Yodezeen
- Type: Private
- Industry: Architecture and Interior Design
- Founded: 2010
- Founders: Artur Sharf, Artem Zverev
- Headquarters: London, UK Dubai, UAE Miami, USA Kyiv, Ukraine
- Area served: Worldwide
- Website: https://yodezeen.com

= Yodezeen =

Architecture and interior design studio

Yodezeen is an international architecture and interior design studio specializing in high-end projects with offices in London, Dubai, Miami, Kyiv, Warsaw, Milan and Los Angeles.

Between 2019 and 2024, the studio was recognized by the American Architecture Awards, Dezeen, the Architecture MasterPrize, SBID etc.

== Overview ==
Yodezeen was established by Artur Sharf and Artem Zverev in 2010 in Kyiv, Ukraine. Over the years, the studio expanded its operations globally and shifted from residential design to larger-scale projects, including resorts, yachts, restaurants, hotels. By 2025, Yodezeen operates across 33 countries. The company began developing projects in Asia, including India, China, Japan, and in South America, and Africa.

== Projects ==

=== Europe ===
Having presented many residences spanning the French Riviera, Spain, and the Alps and other prime locations, in 2023 Yodezeen have built their flagman architecture project — Sierra House. Sierra House was released as a private residence in the Kyiv region, Ukraine. The design, according to the architecture magazine Designboom, combines bold modern aesthetics with raw materials like basalt, corten, and glass, showcasing exceptional craftsmanship that merges art and architecture. In June 2024, Yodezeen designed the Milk Bar Warsaw, a modern interpretation of Poland's bar mleczny, located in the Elektrownia Powiśl.

In December 2024, Yodezeen designed YDF Interiors' "Living Concept" flagship showroom in London. Yodezeen designed the new ALBA restaurant on Brompton Road in Knightsbridge, London. The design features a coastal Italian theme with a palette of olive greens, lemon yellows, and terracotta, complemented by real citrus trees and a handmade Venetian floor.

=== USA ===
Yodezeen designed LaNoma, a family-friendly Italian restaurant in New Jersey.
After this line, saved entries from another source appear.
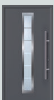
Oberfläche Decograin in Titan Metallic

Garagentor und Haustür in Stahl Decograin Titan Metallic. Die UV-beständige Oberfläche wirkt sehr edel und exklusiv – ähnlich dem Hörmann Farbton CH 703.
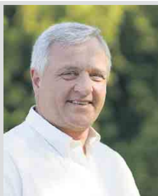
Bürgermeister Rainer Viehof
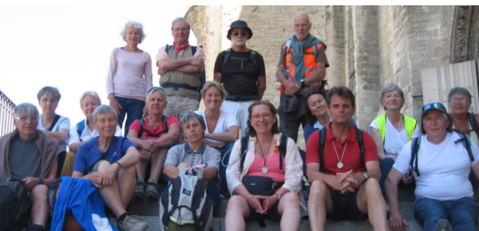
Chemins de saint Gilles

Une Route des Papes impose un hommage à Avignon, où nous avons visité le Palais des papes puis apprécié une magnifique paella dans la cour ombragée d'une pèlerine de longue date. Via Tarascon, nous avons terminé notre route à St Gilles pour ensuite nous séparer pleins de gais et puissants souvenirs, et
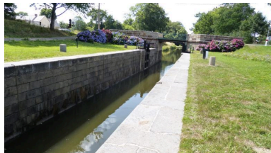
Vue vers l'ouest IVR53_20243531606NUCA
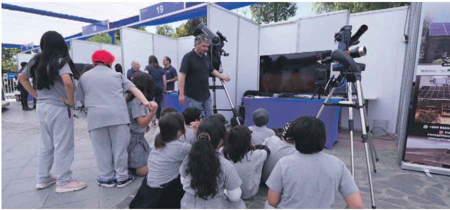
Taller de observación astronómica para niños y niñas.

Set to open in July 2024, it focuses on creating a versatile space that combines casual brunches and more refined dining experiences.

In Miami, Yodezeen completed several high-end residences at The Ritz-Carlton, each reflecting a unique take on contemporary coastal living with panoramic views and bespoke interiors studio also designed a custom private villa in Golden Beach.

=== Middle East & South Asia ===
In February 2024, Yodezeen designed a ‘Super Penthouse’, a large ( 77,707 square metres) and luxurious penthouse in Dubai, in collaboration with Raffles, a globall hospitality group with a history dating back to 1887.

In July, Yodezeen collaborated with Atoll Estates to design the luxurious beachfront residences at Zamani Islands in the Maldives, located in the South Malé Atoll.

Yodezeen has created a concept of a resort located on Nurai Island, a 42-hectare private island near Abu Dhabi. The studio is responsible for both architecture and interior design of 53 private villas, apartment buildings, beach clubs, restaurants, etc.

In January 2025, Yodezeen released a design of the interior of "Dragonfly," an Asian restaurant at The Lana Promenade by Dorchester Collection in Dubai.

=== Other ===
In August 2023, Turkey-based Alia Yachts announced the sale and construction of a new 43-meter superyacht 'Ximena', with interiors designed by Yodezeen. The yacht features a main saloon with sliding glass doors, seamlessly blending indoor and outdoor spaces and enhancing airflow.

== Awards ==
In 2019–2021, the studio won multiple Architecture MasterPrize awards and the LIV Hospitality Design Award for its hospitality projects. At the same year, Virgin Izakaya Bar was also shortlisted for the Dezeen Awards.

In 2023, the studio won the SBID International Design Award for the Omniyat Sales Pavilion and the International Hotel & Property Awards by design et al. for the Al Fresco Restaurant while also being shortlisted for the Restaurant & Bar Design Awards.

In 2024, two of Yodezeen's projects in the Private Homes category Golden Residence in Golden Beach, Florida, and Montane Ranch in Aspen, Colorado, were recognized at American Architecture Awards 2024.

In 2024, the studio won the  SBID International Design Award for the design of YDF Interiors Showroom.